**Working data:**
--

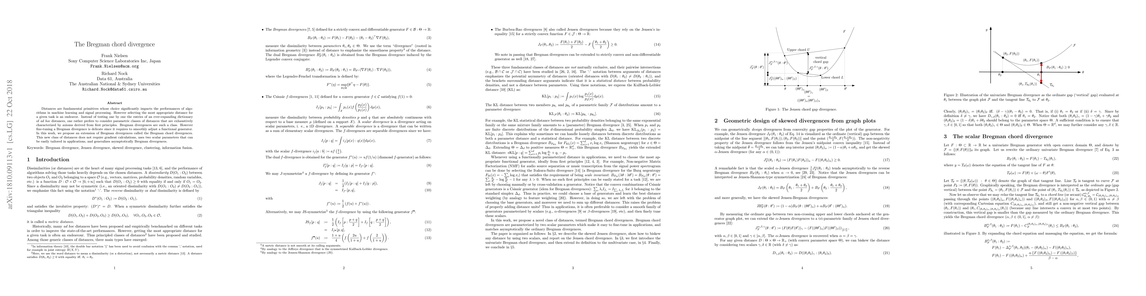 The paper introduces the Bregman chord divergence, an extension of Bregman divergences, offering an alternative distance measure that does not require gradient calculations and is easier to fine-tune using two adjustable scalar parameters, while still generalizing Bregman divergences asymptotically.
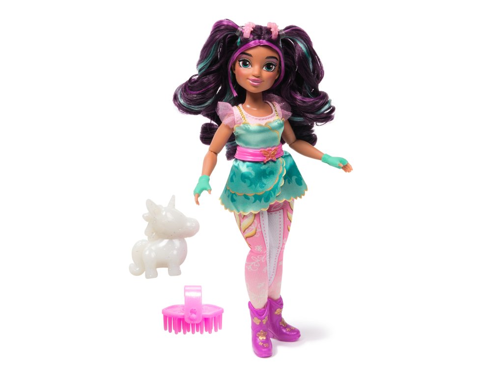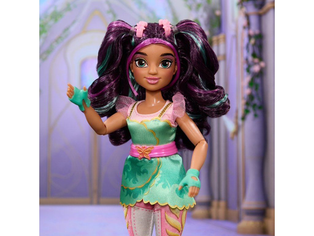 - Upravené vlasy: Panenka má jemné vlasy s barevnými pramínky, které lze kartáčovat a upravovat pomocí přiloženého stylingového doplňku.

--

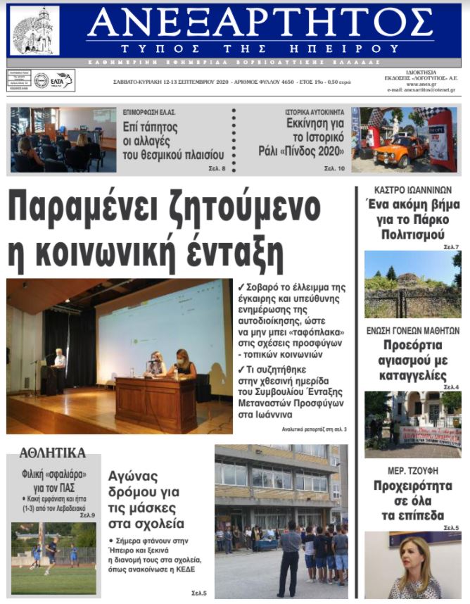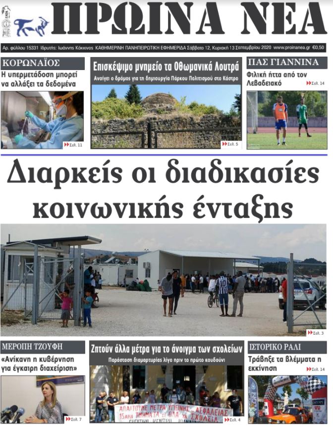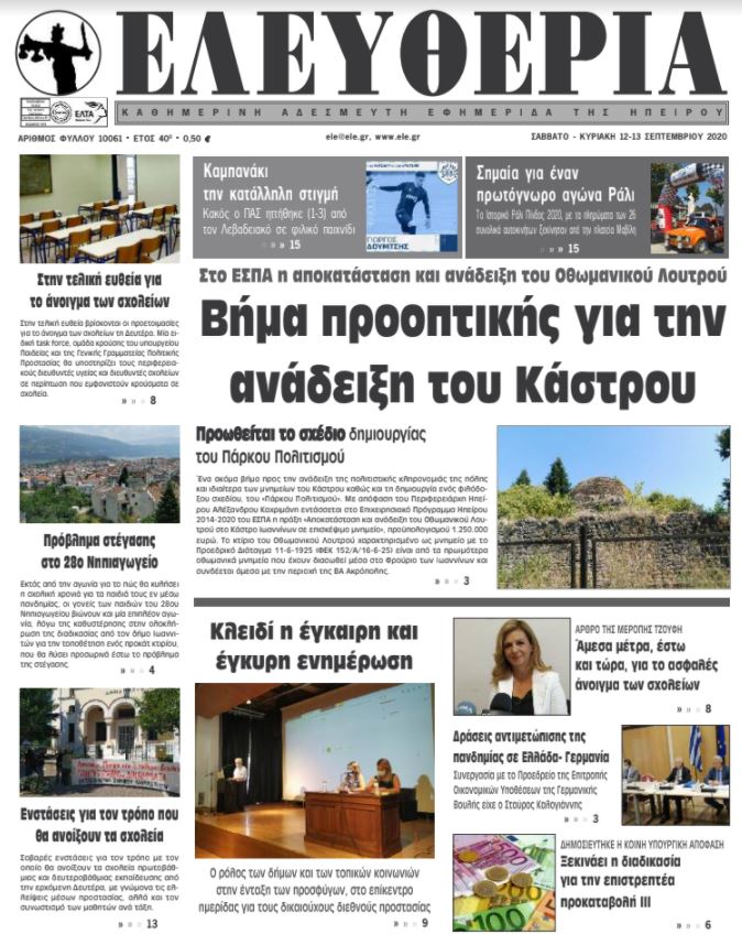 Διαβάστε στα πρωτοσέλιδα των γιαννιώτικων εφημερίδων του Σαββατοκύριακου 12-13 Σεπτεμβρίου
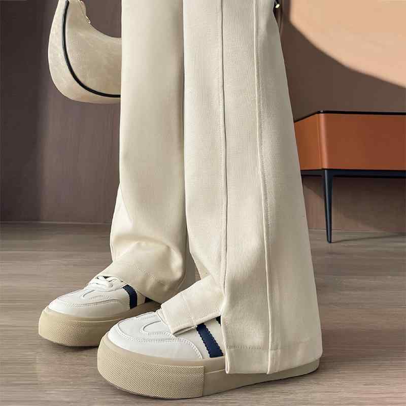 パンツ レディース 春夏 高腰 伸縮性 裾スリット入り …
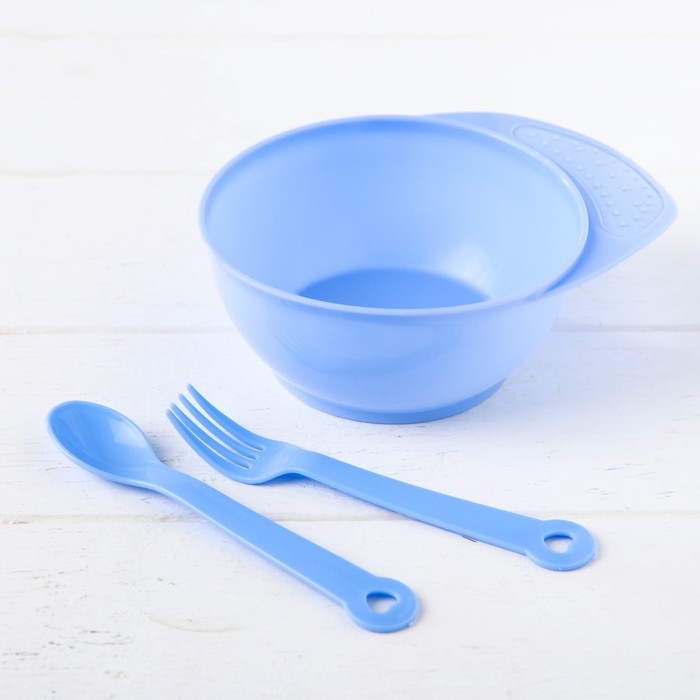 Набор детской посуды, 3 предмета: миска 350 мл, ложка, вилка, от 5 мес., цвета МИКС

--

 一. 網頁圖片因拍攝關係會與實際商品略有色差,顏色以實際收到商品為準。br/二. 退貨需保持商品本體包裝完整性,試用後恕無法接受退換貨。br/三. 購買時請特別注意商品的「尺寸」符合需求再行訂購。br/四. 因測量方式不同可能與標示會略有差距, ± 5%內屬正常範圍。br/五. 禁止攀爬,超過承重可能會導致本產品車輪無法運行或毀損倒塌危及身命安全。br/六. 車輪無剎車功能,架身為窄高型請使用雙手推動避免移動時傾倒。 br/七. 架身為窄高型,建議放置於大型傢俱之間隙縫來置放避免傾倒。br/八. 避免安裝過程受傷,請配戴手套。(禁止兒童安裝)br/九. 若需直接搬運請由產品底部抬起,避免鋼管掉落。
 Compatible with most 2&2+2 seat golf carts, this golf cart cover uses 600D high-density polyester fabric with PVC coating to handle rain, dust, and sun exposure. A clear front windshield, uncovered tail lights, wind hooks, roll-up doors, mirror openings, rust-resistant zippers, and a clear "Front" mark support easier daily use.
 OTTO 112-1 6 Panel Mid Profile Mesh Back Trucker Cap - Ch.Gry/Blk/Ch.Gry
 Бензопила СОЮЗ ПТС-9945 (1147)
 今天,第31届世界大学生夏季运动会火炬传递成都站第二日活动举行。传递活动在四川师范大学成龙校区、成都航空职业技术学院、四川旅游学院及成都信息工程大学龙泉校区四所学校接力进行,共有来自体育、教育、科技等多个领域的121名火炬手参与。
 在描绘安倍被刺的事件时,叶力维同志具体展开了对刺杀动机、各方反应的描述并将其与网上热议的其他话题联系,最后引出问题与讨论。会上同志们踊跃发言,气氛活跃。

--

**Problem to solve:**
Set down again, word for word, the stretch of records from the line with "Бензопила СОЮЗ ПТС-9945 (1147)" to the line with "在描绘安倍被刺的事件时,叶力", both of those lines included.

**Reply:**
 Бензопила СОЮЗ ПТС-9945 (1147)
 今天,第31届世界大学生夏季运动会火炬传递成都站第二日活动举行。传递活动在四川师范大学成龙校区、成都航空职业技术学院、四川旅游学院及成都信息工程大学龙泉校区四所学校接力进行,共有来自体育、教育、科技等多个领域的121名火炬手参与。
 在描绘安倍被刺的事件时,叶力维同志具体展开了对刺杀动机、各方反应的描述并将其与网上热议的其他话题联系,最后引出问题与讨论。会上同志们踊跃发言,气氛活跃。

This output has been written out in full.